Designer Victor Durand Jr. American
Durand Art Glass
Manufacturer Vineland Flint Glass Works

On view at The Met Fifth Avenue in Gallery 774

This vase exemplifies the short-lived art glass line developed by Victor Durand Jr. for his Vineland Flint Glass Works in southern New Jersey. A Frenchman, Durand was a third-generation of glassworkers trained at the Cristalleries de Baccarat. Durand came with his family to New Jersey in 1884, when he joined his father (also Victor Durand) at the young age of 14, having already worked as a glassmaker for two years. In 1897, he and with his father leased a glassworks in Vineland, near Millville, and built a large and successful enterprise producing scientific and commercial glass.
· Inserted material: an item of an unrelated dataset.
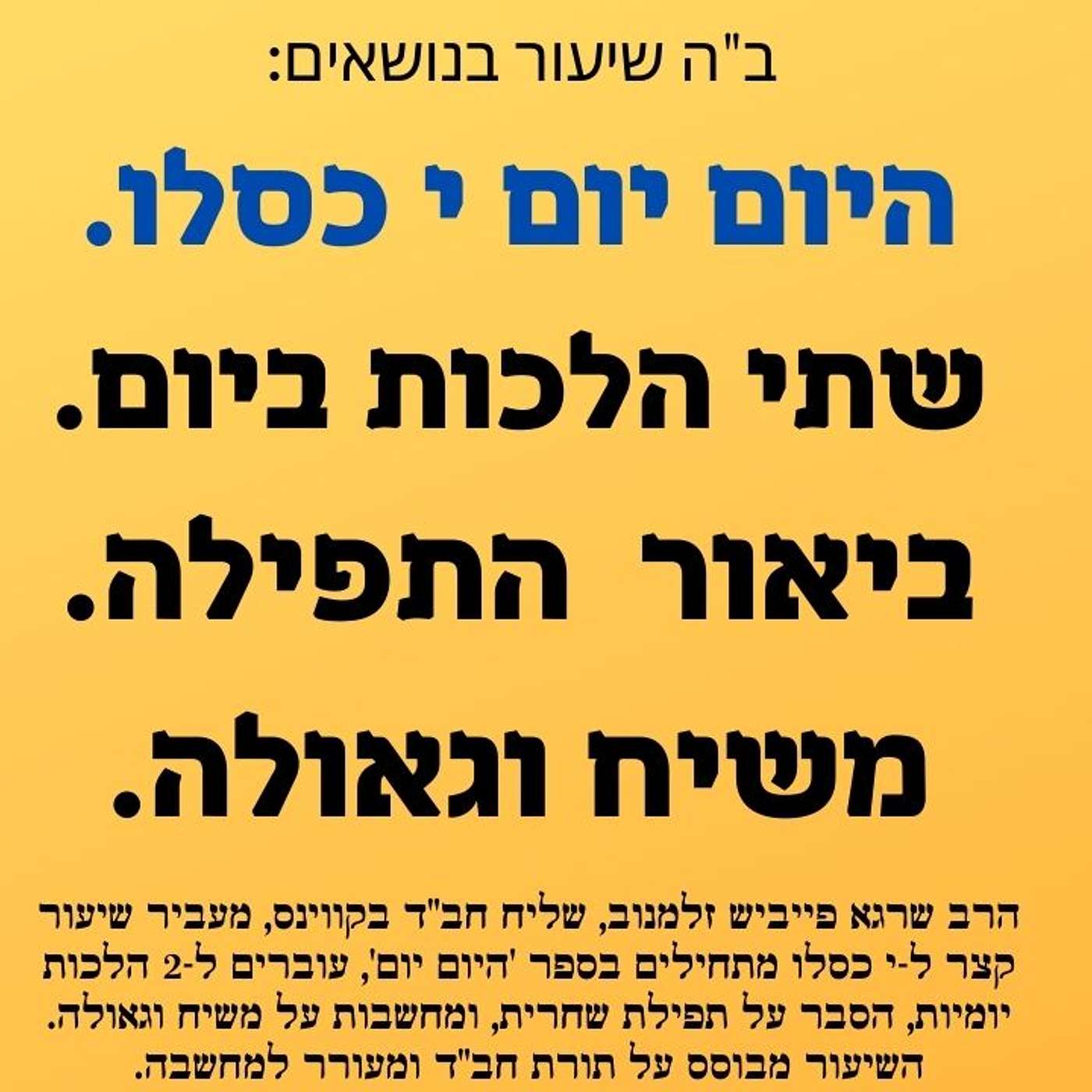 זריקת חסידות הפודקאסט • היום יום י כסלו טעימה מהיום יום 2️⃣ הלכות יומיות 📖 ביאור התפילה ✨ומבט אל הגאולה ❤️ שיעור חסידות • Listen on Fountain

In 1924 he fulfilled his dream to establish an art glass line, and hired Martin Bach Jr., who had worked at his father’s Quezal Art Glass and Decorating Company. Bach brought with him several highly skilled glass workers from Quezal. The new venture which Durand gave its own name—Durand Art Glass—produced a variety of art glass lines, but one of the most successful was the pulled and threaded decorated vases, like this example. With deep origins in Egyptian glass, Durand was most directly inspired by vases from Tiffany Furnaces with similar decoration. This particular example demonstrates the high degree of skill of the glassworkers who produced it, and a sensitivity to color and style. Durand Art Glass, however, was short-lived, and production ceased shortly after Durand’s tragic death in 1931.